You start to play with his hair. It’s coarse and beautiful. You understand what it means to lose yourself in something. You push some aside with your fingers, only to find more and more ginger to play with. It’s never-ending. You love diving through it. When you do, it chokes you. Hair fills up every airway you have. It scratches at the inside of your throat, and fills your lungs. Everything gets so fuzzy.
You wake up in the middle of the night because there’s less of you. You no longer have all of yourself, and it pains you. You’re warm—sweaty and uncomfortable.
You look over to your partner. He is already attending to you. He’s nothing but a mass of orange now. Neon, Color-Brite construction paper orange. He’s pecking at you. Not biting. Biting is too fast, unintimate. Pecking. Pecking at each individual digit on your hands, and then the hands themselves. Then, slowly, tenderly, he pecks up your arm.
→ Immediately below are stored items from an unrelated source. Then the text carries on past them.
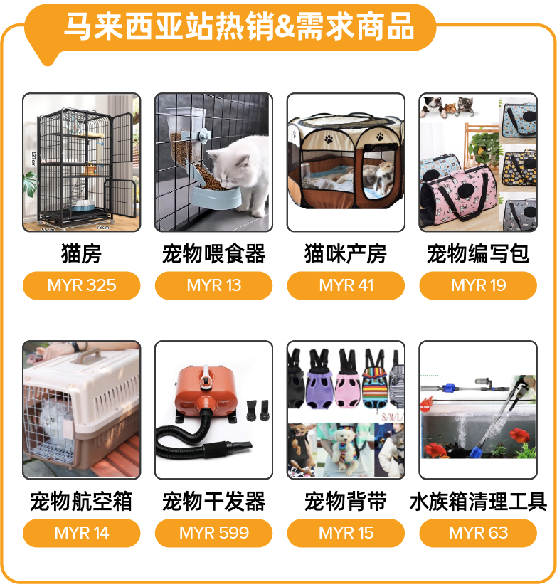 撸猫在近几年成为社会风潮,在城市化的工作环境中,人们更需要能有个宠物如同家人般陪伴自己,疫情导致的居家时间延长也正催化此现象。在马来西亚,受国内法律法规以及宗教的影响,只允许在特定的区域遛狗,人们更喜爱便于在家中饲养的小猫,因此猫舍、猫包等产品在马来西亚更受欢迎。同时,因为宠物猫的特殊性,宠物投食器和猫咪产房等配件也出现在热销榜单中。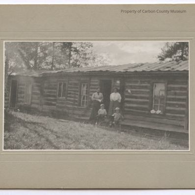 Update 2009: Black and white photos of a large log building. Standing in the doorway on right end of the building are two ladies and two young children. There is a board walk way down to the front of the building. There is a door near the left edge of the picture.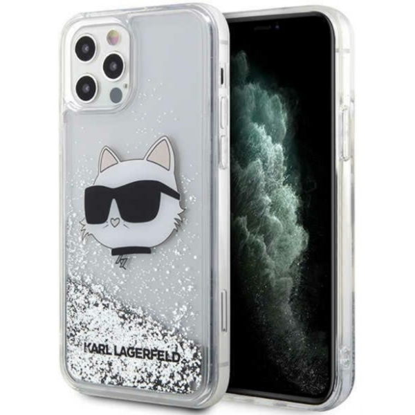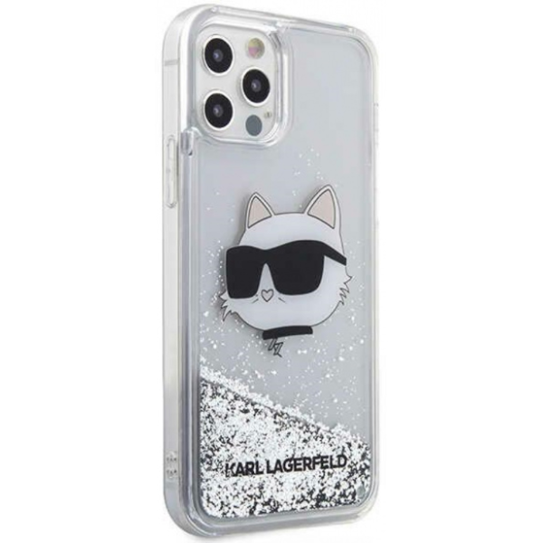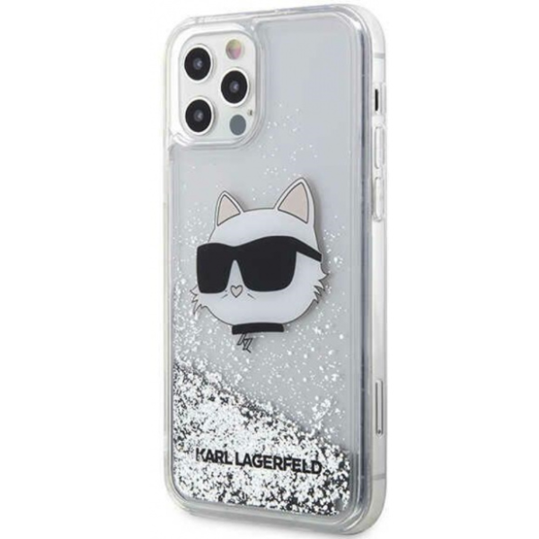 Kryt Karl Lagerfeld Apple iPhone 12 Pro Silver Hardcase Glitter Choupette Head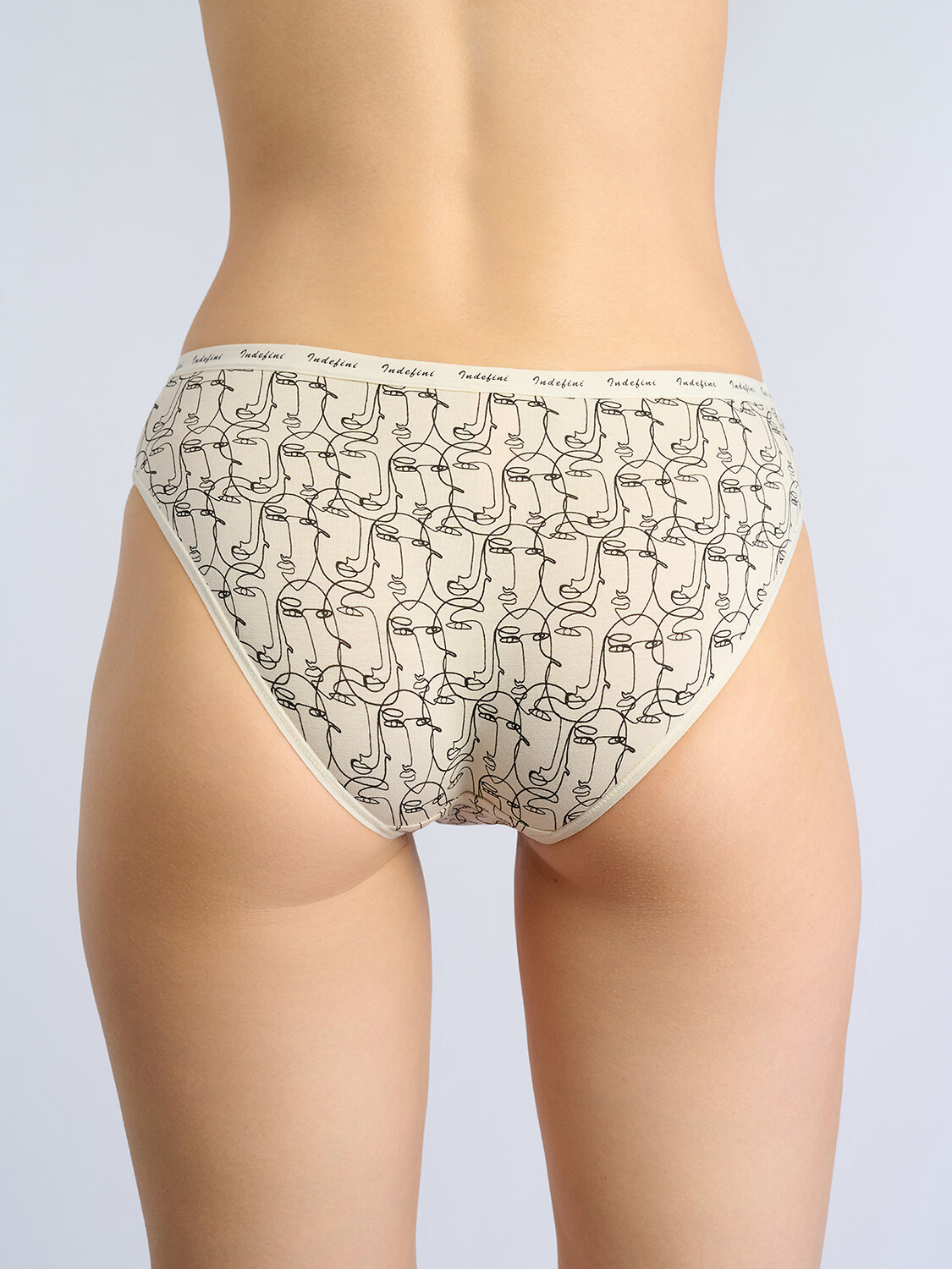 ✔ Пояс: Тонкая эластичная резинка с повторяющимся логотипом Indefini — не только функционально фиксирует трусы, но и подчеркивает брендовую принадлежность.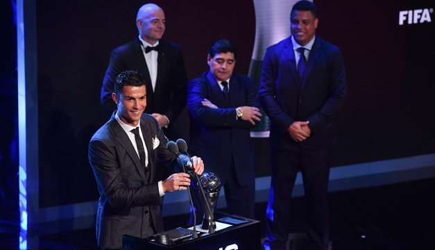 El portugués Cristiano Ronaldo recibió por segundo año consecutivo el premio FIFA al mejor jugador del año, en una ceremonia celebrada este lunes en Londres.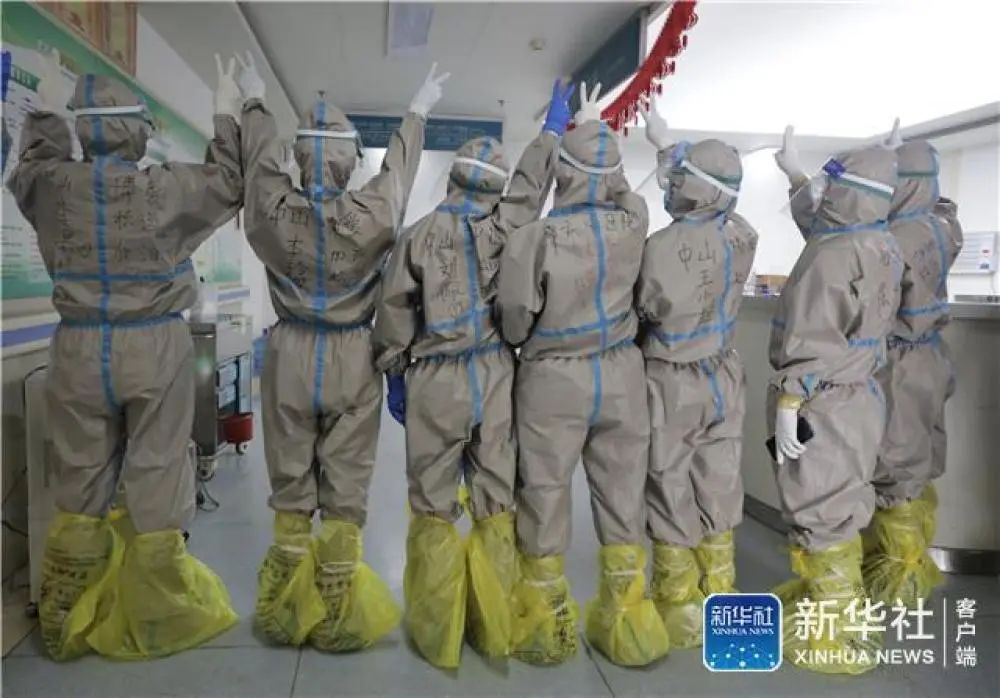 ↑派遣至松滋市人民醫(yī)院工作的廣東醫(yī)療隊隊員在防護服上寫下自己名字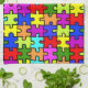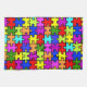 Jigsaw puzzle pattern in colourful rainbow colours.

Your arm falls off. He grabs it, and saves it for later. You think that he thinks about stopping there. He doesn’t. Peck, peck, peck. Across your chest, and down your thighs. It all breaks so quickly. On some level, every piece of you has been wanting to fall apart; it’s just happy to be so loved while doing it.
Finally, he goes for your eyes. First the left, then the right. You see nothing, and then you see so, so much orange.
The next morning, you wake up alone. You groggily check your phone—you hate doing that first thing in the morning. You’re sure that it’s going to burn your eyes out someday. You see a reminder—it’s October 1st.
You get dressed to head to the pharmacy and refill your medication.